Après 3 millions d’années d’évolution, leur organisme était parfaitement adapté à l’environnement. Cette capacité d »adaptation va se fissurer au néolithique avec l’agriculture, les produits laitiers, les céréales et va voler en éclat à l’ère industrielle.

Au XXI siècle , sucres rapides, graisses transformées , additifs, sels , produits OGM sont le lot quotidien du consommateur dit moderne.

L’homme du paléolithique était nomade, chasseur , pêcheur, cueilleur et nous sommes devenus sédentaire, éleveur, agriculteur.
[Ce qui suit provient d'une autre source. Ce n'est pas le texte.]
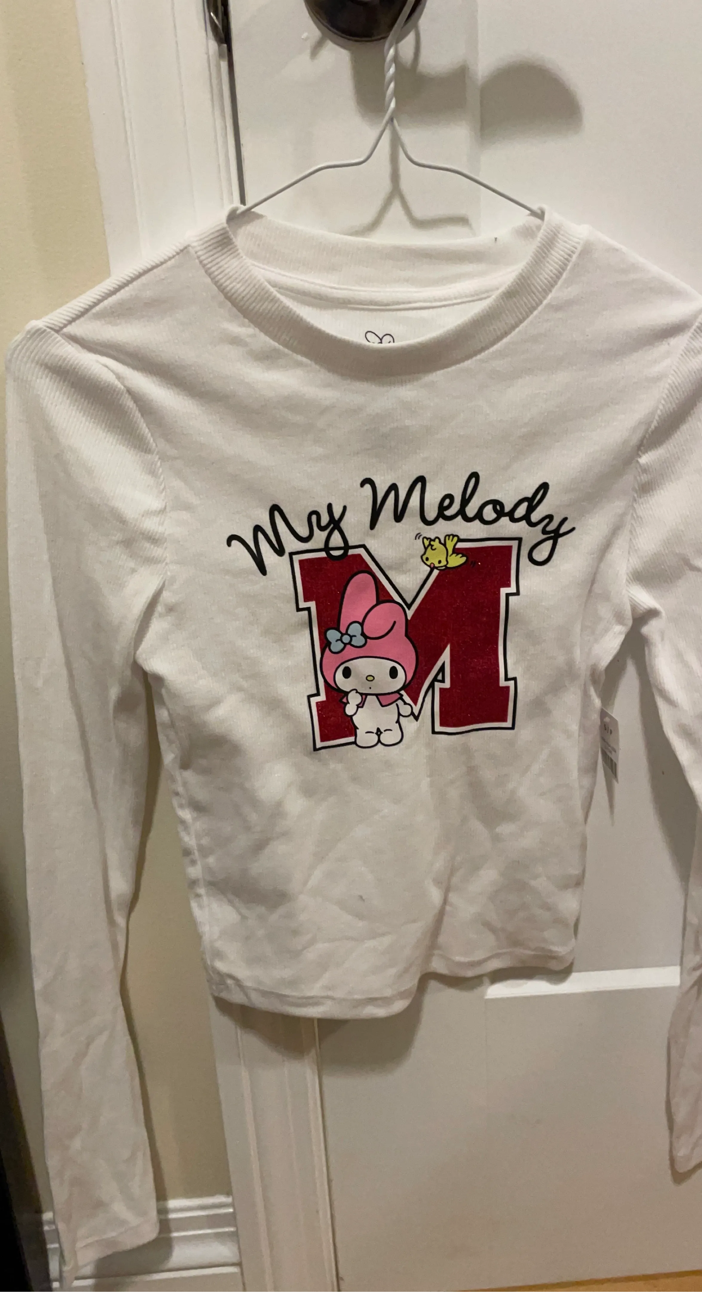 White long sleeve shirt featuring My Melody graphic. Ribbed neckline and cuffs. Made from a soft fabric blend.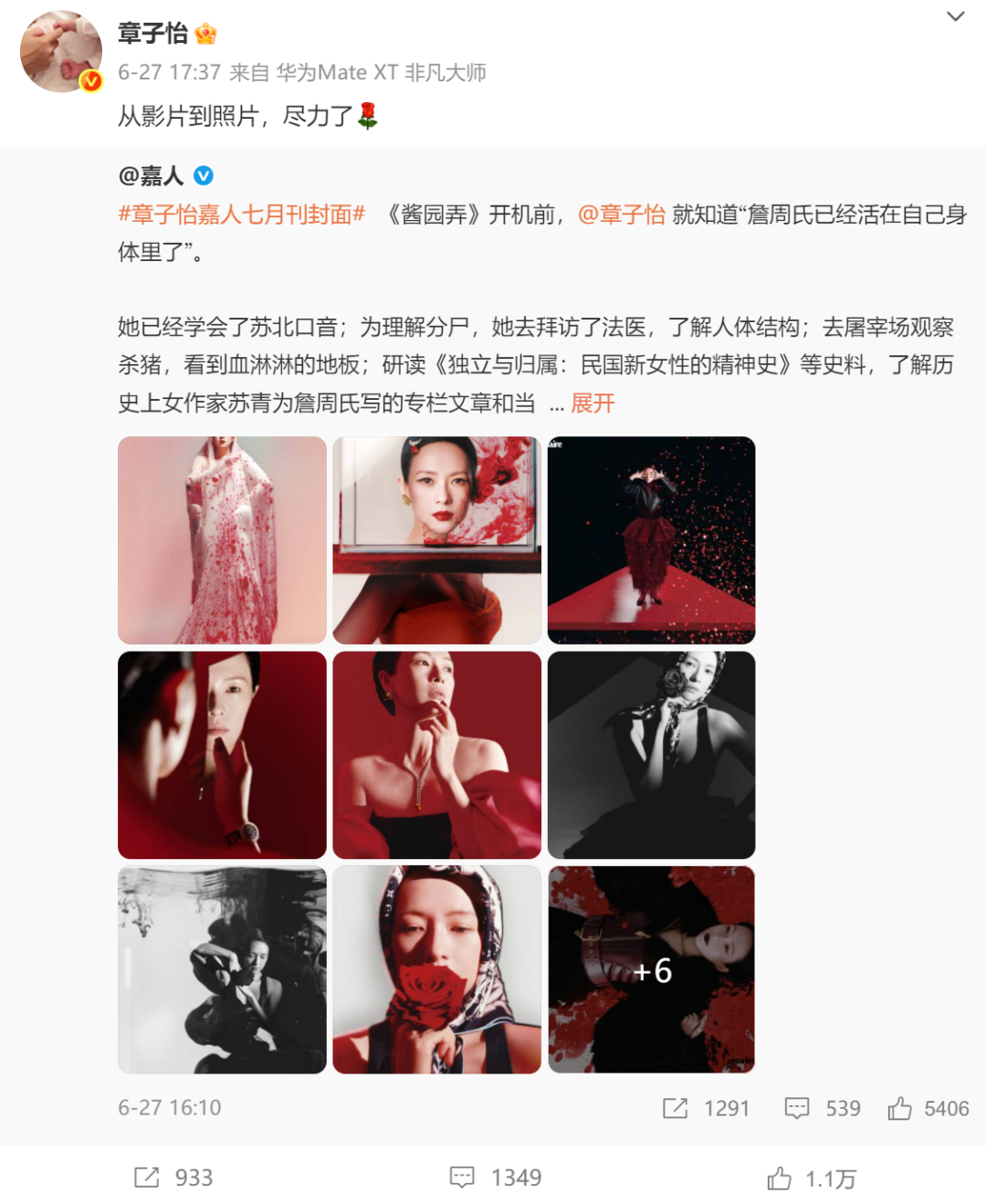 6月27日,在转发《嘉人》7月刊封面时,章子怡如此说道。

Nous ne pouvons pas inverser la tendance et pourtant génétiquement nous n’avons pas évolué car la fréquence de mutation d’un gène est de l’ordre d’une centaine de milliers d’années.

Nos ancêtres avaient des habitudes alimentaires plus proches de la nature et plus saines pour nos métabolismes. Aussi, consommons, usons et abusons de ce bienfait de la nature que représente la venaison et qui nous conforte dans notre action de chasseur et de consommateur averti.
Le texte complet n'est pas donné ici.